[Source records]

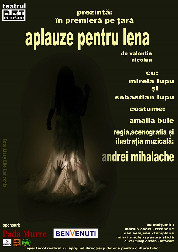 Totuși, publicul orădean a avut ocazia să își arate interesul pentru teatrul lui Valentin Nicolau o oră și jumătate mai târziu, când, la Crown Pub, trupa ArtEmotion a prezentat în premieră pe țară montarea piesei Aplauze pentru Lena. Sala restaurantului proaspăt renovat (vechiul Astoria) a fost arhiplină, locurile fiind ocupate, ne-au spus organizatorii, încă dinainte ca spectacolul să fie anunțat public (motiv pentru care nici nu a mai fost anunțat după cutumă, pentru rezervări, ci doar ca eveniment cultural). Acest lucru nu ne miră, căci spectacolele trupei ArtEmotion s-au jucat întotdeauna cu… pub-ul plin. Noul spectacol a fost însă o provocare atât pentru organizatori, cât și pentru spectatori. În regia inspirată a lui Andrei Mihalache, Aplauze pentru Lena nu este nicidecum o comedie, așa cum trupa manageriată de Mirela și Sebastian Lupu și-a obișnuit publicul, este o dramă care invită la analiză de sine, iar unele scene, cum ar fi monologul fostei actrițe de succes Elena, ajunsă acum aidoma unei păsări cu penajul fanat, prizonieră într-o colivie în care a intrat în culmea gloriei orbită de strălucirea zăbrelelor, sunt de-a dreptul cutremurătoare. Mirelei Lupu îi reușește un personaj deosebit de puternic în deriva lui, reușind să îmbine tăria de caracter cu pierderea de sine. La fel, Sebastian Lupu face un Dinu aparent superior-înfumurat, în realitate iscoditor și interesat de recentul său câștig la cărți (Elena) mai mult decât vrea să lase să se vadă. Interpretarea celor doi – o oscilație continuă, ca un dans sincopat în care partenerii preiau conducerea pe rând, când intuiesc la celălalt un moment de slăbiciune – este ajutată de scenografia bine adaptată la decorul de pub, dar și de costumele realizate de Amalia Buie. O partitură sobră, așadar, un pariu pe care aplauzele prelungi i-au anunțat pe organizatori că l-au câștigat. Cu siguranță, Aplauze pentru Lena va deveni una dintre, dacă nu chiar cea mai jucată piesă din repertoriul ArtEmotion în anii care vor veni. Și, nu în ultimul rând, este și va fi bucuria și mândria noastră că premiera pe țară a avut loc la Oradea.
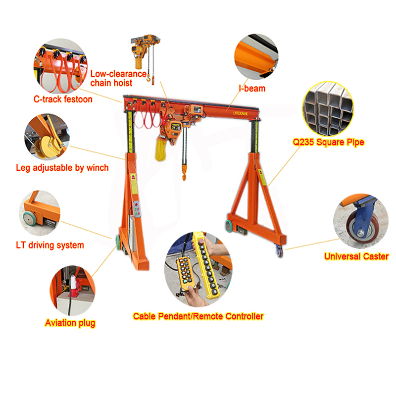 The non-rail gantry crane runs on floor. Capacity can be made up to 20t. In order to make it more useful, we design the leg can be adjustable to meet different roofs.
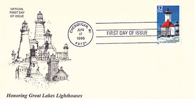 In 1995, the St. Joseph North Pierhead Lighthouses were featured on a U.S. Postage Stamp that was part of a set of five Great Lakes Light Stations that were issued by the Postal Service. This cached envelope is the highly collectible First Day of Issue postmark for the lighthouse postage stamp. (Lighthouse Digest archives.)
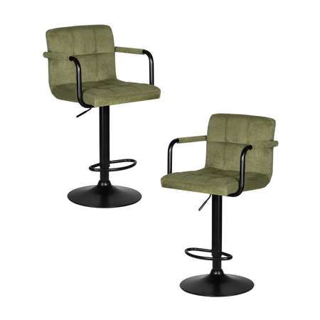 Набор 2 шт Стул барный DOBRIN KRUGER ARM BLACK, цвет сиденья зеленый вельвет (LAR-E2041-7), цвет основания черный
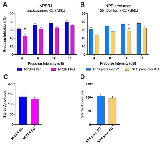 PPI in (A) backcrossed male C57Bl/6J-NPSR1 WT and KO mice, and (B) male NPS precursor WT and KO mice. Two-way ANOVA showed significant differences in PPI between C57Bl/6J-NPSR1 WT and KO mice, and NPS precursor WT and KO mice, respectively; * p < 0.05 vs. WT controls; Bonferroni’s post hoc test after significant two-way ANOVA. WT, n = 10; KO, n = 10. (C,D) Startle reflex. No difference in startle reflex between (C) backcrossed C57Bl/6J-NPSR1 WT and KO mice, or between (D) NPS precursor WT and KO mice. WT, n = 10; KO, n = 10.
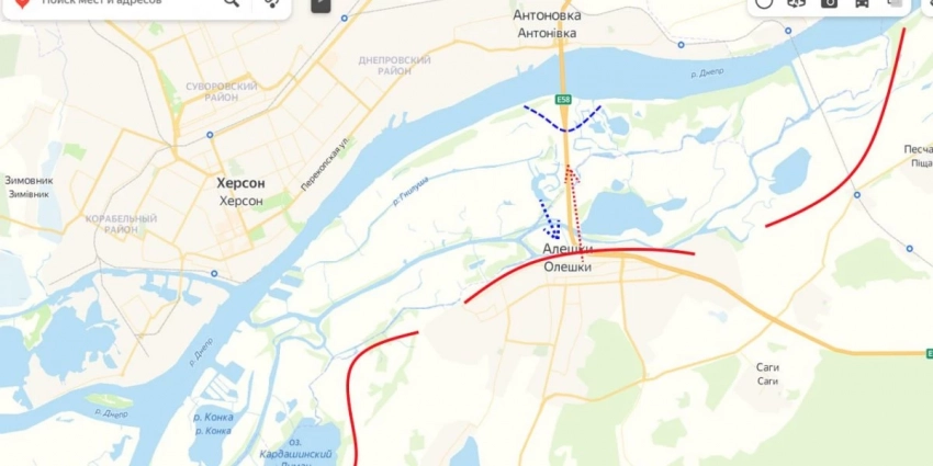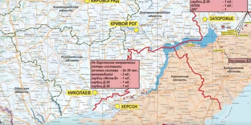 Российская армия продолжает выбивать боевиков с плацдарма у Антоновского моста. Но враг хорошо закрепился, тем самым не неся большие потери от ударов ВСРФ ВКС. Также ВСУ перебросили системы ПВО для противодействия авиации и усилили работу РЭБ на данном направлении.
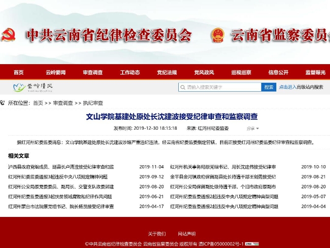 昆明信息港訊 12月30日,據(jù)紅河州紀委監(jiān)委消息,文山學(xué)院基建處原處長沈建波涉嫌嚴重違紀違法,經(jīng)云南省紀委監(jiān)委指定管轄,目前正接受紅河州紀委監(jiān)委紀律審查和監(jiān)察調(diào)查。

TASK OBJECTIVE =
Retype all of the entries exactly as written, leaving out any images.

WRITTEN ANSWER =
 Totuși, publicul orădean a avut ocazia să își arate interesul pentru teatrul lui Valentin Nicolau o oră și jumătate mai târziu, când, la Crown Pub, trupa ArtEmotion a prezentat în premieră pe țară montarea piesei Aplauze pentru Lena. Sala restaurantului proaspăt renovat (vechiul Astoria) a fost arhiplină, locurile fiind ocupate, ne-au spus organizatorii, încă dinainte ca spectacolul să fie anunțat public (motiv pentru care nici nu a mai fost anunțat după cutumă, pentru rezervări, ci doar ca eveniment cultural). Acest lucru nu ne miră, căci spectacolele trupei ArtEmotion s-au jucat întotdeauna cu… pub-ul plin. Noul spectacol a fost însă o provocare atât pentru organizatori, cât și pentru spectatori. În regia inspirată a lui Andrei Mihalache, Aplauze pentru Lena nu este nicidecum o comedie, așa cum trupa manageriată de Mirela și Sebastian Lupu și-a obișnuit publicul, este o dramă care invită la analiză de sine, iar unele scene, cum ar fi monologul fostei actrițe de succes Elena, ajunsă acum aidoma unei păsări cu penajul fanat, prizonieră într-o colivie în care a intrat în culmea gloriei orbită de strălucirea zăbrelelor, sunt de-a dreptul cutremurătoare. Mirelei Lupu îi reușește un personaj deosebit de puternic în deriva lui, reușind să îmbine tăria de caracter cu pierderea de sine. La fel, Sebastian Lupu face un Dinu aparent superior-înfumurat, în realitate iscoditor și interesat de recentul său câștig la cărți (Elena) mai mult decât vrea să lase să se vadă. Interpretarea celor doi – o oscilație continuă, ca un dans sincopat în care partenerii preiau conducerea pe rând, când intuiesc la celălalt un moment de slăbiciune – este ajutată de scenografia bine adaptată la decorul de pub, dar și de costumele realizate de Amalia Buie. O partitură sobră, așadar, un pariu pe care aplauzele prelungi i-au anunțat pe organizatori că l-au câștigat. Cu siguranță, Aplauze pentru Lena va deveni una dintre, dacă nu chiar cea mai jucată piesă din repertoriul ArtEmotion în anii care vor veni. Și, nu în ultimul rând, este și va fi bucuria și mândria noastră că premiera pe țară a avut loc la Oradea.
 The non-rail gantry crane runs on floor. Capacity can be made up to 20t. In order to make it more useful, we design the leg can be adjustable to meet different roofs.
 In 1995, the St. Joseph North Pierhead Lighthouses were featured on a U.S. Postage Stamp that was part of a set of five Great Lakes Light Stations that were issued by the Postal Service. This cached envelope is the highly collectible First Day of Issue postmark for the lighthouse postage stamp. (Lighthouse Digest archives.)
 Набор 2 шт Стул барный DOBRIN KRUGER ARM BLACK, цвет сиденья зеленый вельвет (LAR-E2041-7), цвет основания черный
 PPI in (A) backcrossed male C57Bl/6J-NPSR1 WT and KO mice, and (B) male NPS precursor WT and KO mice. Two-way ANOVA showed significant differences in PPI between C57Bl/6J-NPSR1 WT and KO mice, and NPS precursor WT and KO mice, respectively; * p < 0.05 vs. WT controls; Bonferroni’s post hoc test after significant two-way ANOVA. WT, n = 10; KO, n = 10. (C,D) Startle reflex. No difference in startle reflex between (C) backcrossed C57Bl/6J-NPSR1 WT and KO mice, or between (D) NPS precursor WT and KO mice. WT, n = 10; KO, n = 10.
 Российская армия продолжает выбивать боевиков с плацдарма у Антоновского моста. Но враг хорошо закрепился, тем самым не неся большие потери от ударов ВСРФ ВКС. Также ВСУ перебросили системы ПВО для противодействия авиации и усилили работу РЭБ на данном направлении.
 昆明信息港訊 12月30日,據(jù)紅河州紀委監(jiān)委消息,文山學(xué)院基建處原處長沈建波涉嫌嚴重違紀違法,經(jīng)云南省紀委監(jiān)委指定管轄,目前正接受紅河州紀委監(jiān)委紀律審查和監(jiān)察調(diào)查。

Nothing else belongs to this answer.